Kevin Killian and Rob Halpern 7.21.2012
Saturday night: Alley Cat Books in the Mission hosted a reading to launch Kevin Killian’s new book SPREADEAGLE, part of The Fellow Travelers Series, printed and bound by Publication Studio, founded in 2009 by Matthew Stadler and Patricia No. The Publisher’s Forward notes that “Above all, the ambition of the new Fellow Travelers series is to become the image of newly-won liberties: the right for everyone to think, to write and read freely, regardless of markets—for pleasure alone.”

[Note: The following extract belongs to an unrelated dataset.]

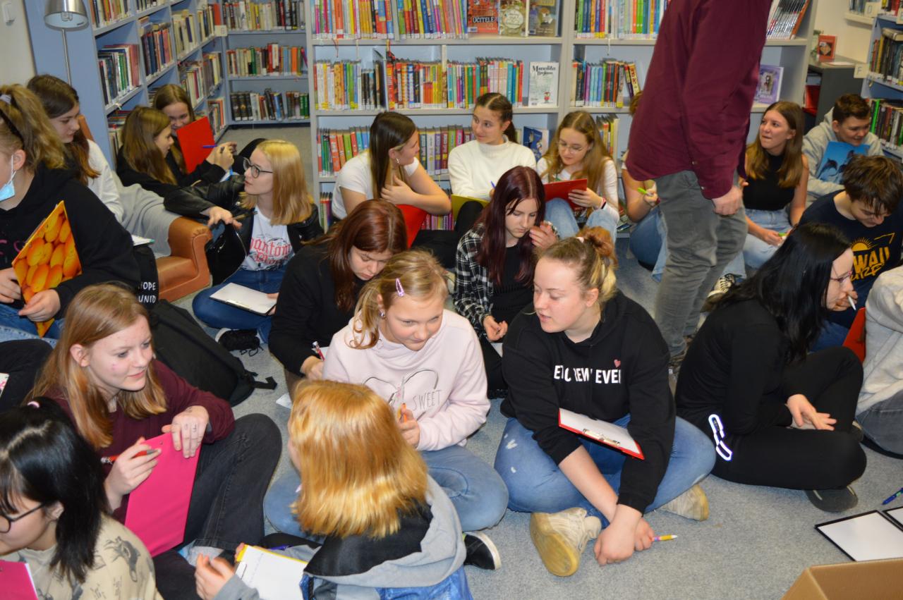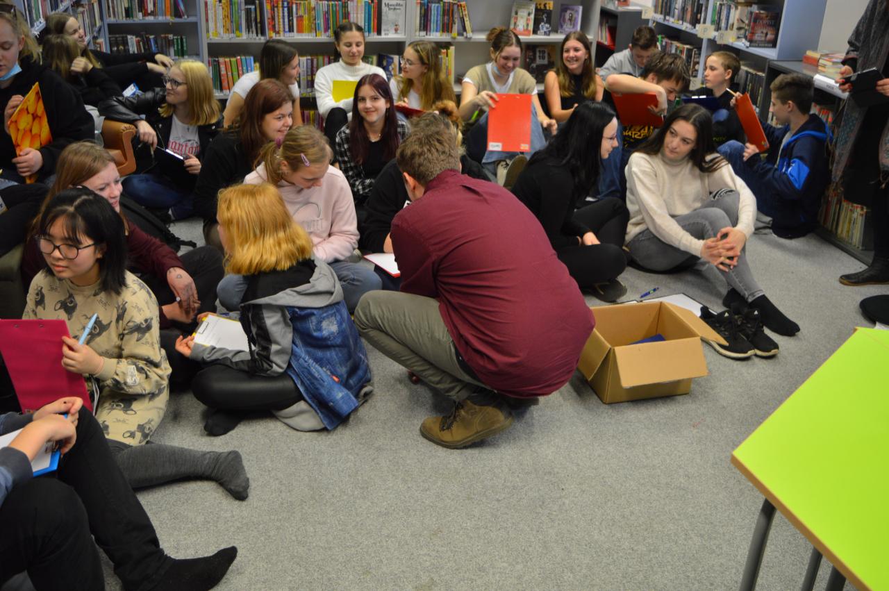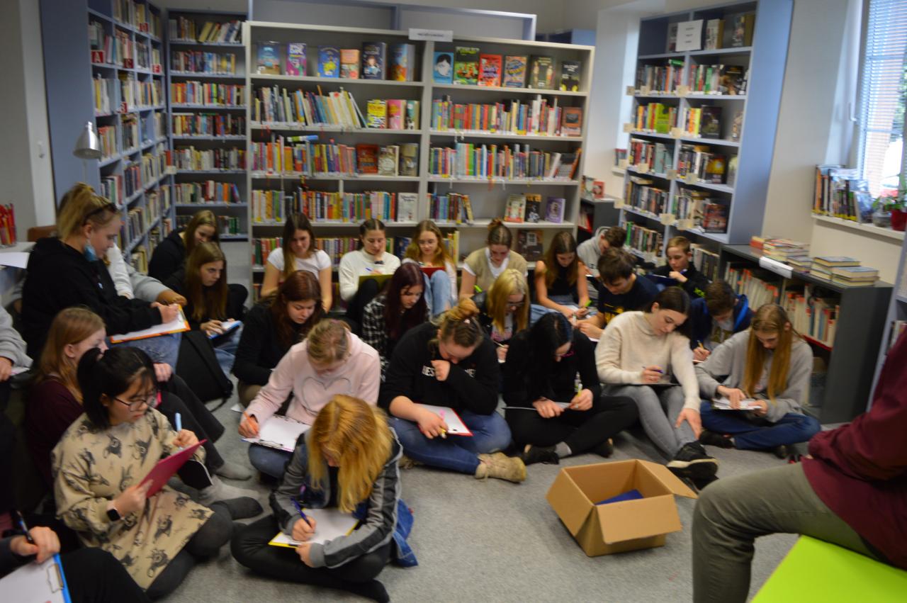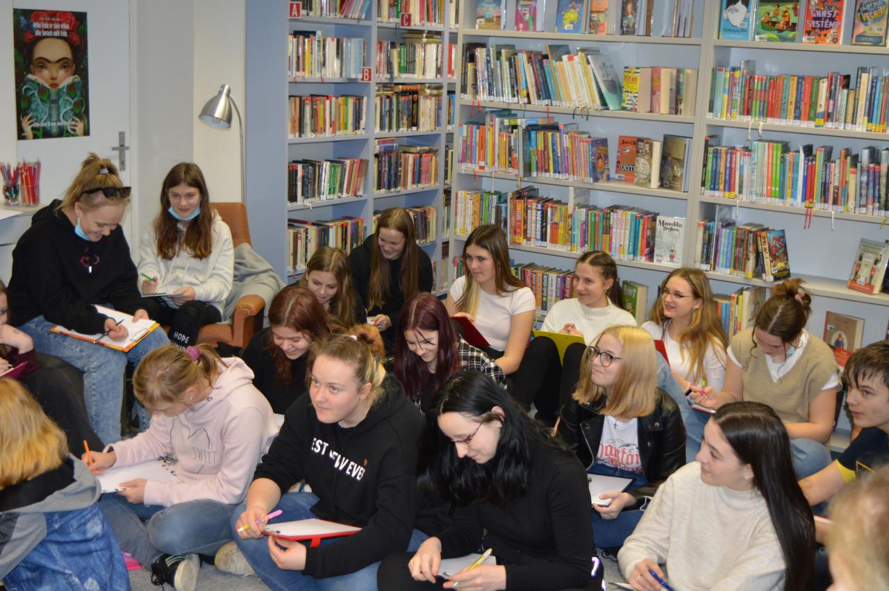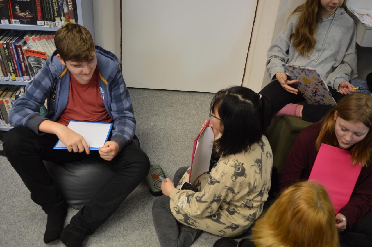 Ve středu 23. 2. 2022 se žáci 7. a 8. ročníku zúčastnili lekce tvořivého psaní vedené panem René Nekudou v Knihovně F. V. Lorence.

Rob Halpern read from Music for Porn, recently published by Nightboat Books in New York.
Music for Porn is, Rob said, a result of his obsession with the figure of the soldier. Of his book, Lauren Berlant writes: "Music for Porn is an astonishing event of poesis. Rob Halpern writes a ravaging and tender incantation of the bodies that die for love in the intimate, political wars of our present.”
The book is a weighty 165 pages and comes in a brown paper wrapper, which when removed, reveals a beautiful and colorful collage of gay porn produced by Halpern and Tanya Hollis. Black and white collages punctuate the various sections of the book which include: Envoi, Imaginary Politics, Speculations, Note on Affection and War, Runaway Soldier Punk, Memoranda, Obscene Intimacies, Porn, and Dedication. The book begins with the following quote from Gertrude Stein: “A soldier a real soldier has a worn lace a worn lace.”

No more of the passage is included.